I put it down to the low speed environment and closeness of the narrow streets. A product of a country that doesn’t have endless scrub to bulldoze into an oversized McMansion. It might seem strange unless you have had the experience, but having too much space can be a liability.

And it works! Everyone going everywhere, just blending and going with the flow. A testimony to this is the number of very old people cycling and walking. This system doesn’t isolate anyone like our setup back home. Cars are the exception on the back streets. On the busier streets, cars, bikes and pedestrians just blend. In shopping malls cyclist and Peds’ just blend. These malls and shopping environments, the likes of which in Australia would have an overzealous janitor type under strict instruction from the centre management, demand that you stop riding immediately and remove you cycle. Such antipodean bylaws completely miss the point of the door to door nature and beauty of the cycling for transport.

The key factor in all this is the people’s nature or education if you will. There is an inherent nature of respect for one another…it shows up in the cooperation on roads, and in the public amenity best displayed by but not limited to… A lack of graffiti, broken glass, cigarette buts or rubbish almost anywhere, public infrastructure intact etc…or the many instances one says to oneself….How come someone doesn’t just steal that item etc, cause back home it wouldn’t last a day setting there like that…In such a dense urban environment, I’m sad to say to my experience, seems unnatural to me.

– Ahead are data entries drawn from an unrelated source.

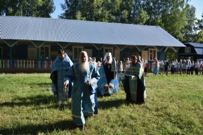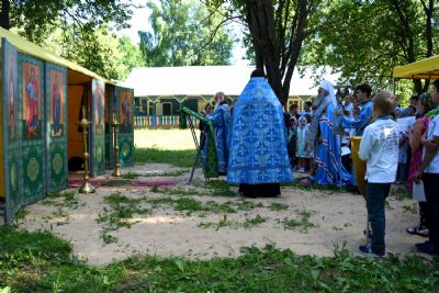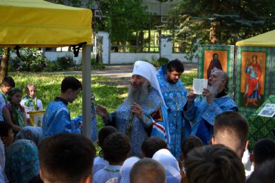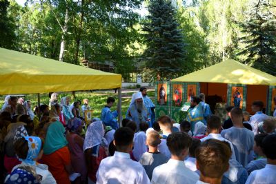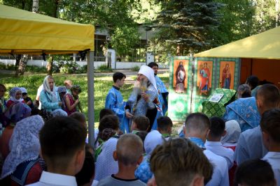 После осмотра территории лагеря митрополит Иоанн возглавил молебен Пресвятой Богородице перед иконой Ее "Мироносицкая".
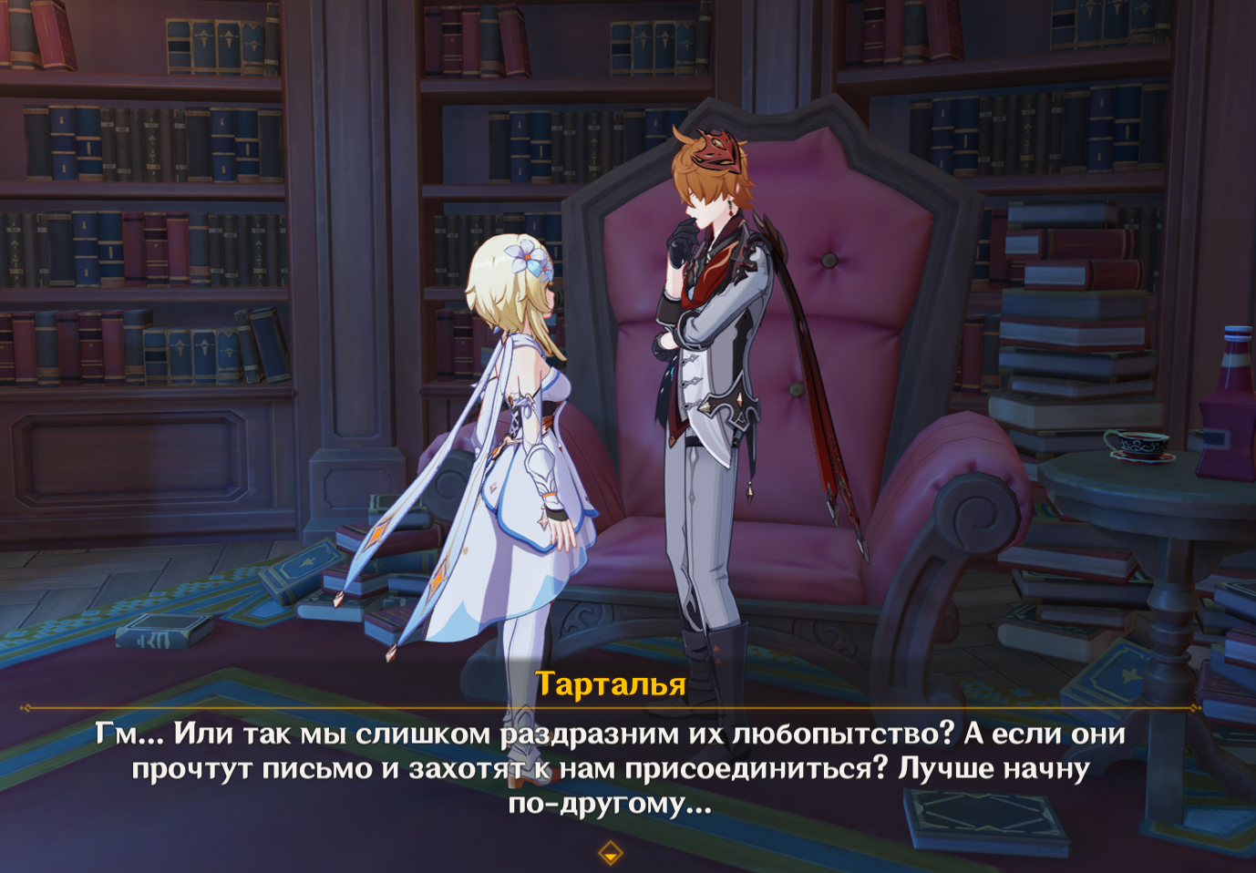 или вот Фишль: Не разглядеть правды, не разобрать судьбу, из лжи и истины выткан гобелен его речей... Возможно, этот человек, как и я, несёт бремя видения сквозь судьбы... Оз: А может, он и правда пират?
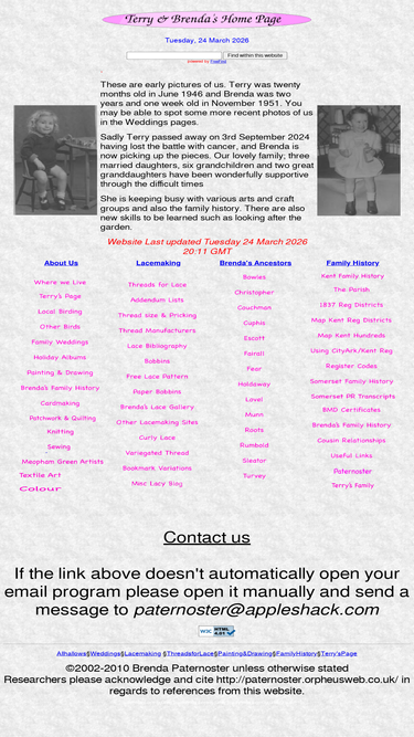90%home page of terry and brenda paternoster with lots of information about family history, especially in kent and somerset, and lace, lacemaking and lace threads and other craft interests.
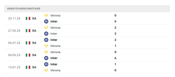 Lịch sử đối đầu Inter Milan vs Verona

I wonder what happened to this respect, the essence of a ‘fare go’ if you like, in Australia. Is it our heritage, a ‘convict mentality’ way of looking at our world, an ‘Us and Them’ attitude?

Somewhere along this walk I stumbled on an observation tower in a park somewhat akin to the palace of Vasi. From there I could see the foot hills and mountains to the south west of Tokyo. It gave me an overview of where I was and I could feel my hamstrings pining for the mountains.

Thankfully Sagamihara is on the outskirts of greater Tokyo. So today I used this local knowledge as a base to get me out of Tokyo and into the mountains.
I’m not one for route planning relying mainly on the lay of the land, intuition, tell tale signs, strokes of fait, a bit of luck and the bones of my ass…to make my way around. Just as well because I don’t read, write or speak Japanese. The only exception to that is when I get hungry…! To me, a map, although obvious is just another card in a suite of ‘navi’ skills available if you are willing to wing it in a place like this, especially when it’s written in Japanese Kanji !!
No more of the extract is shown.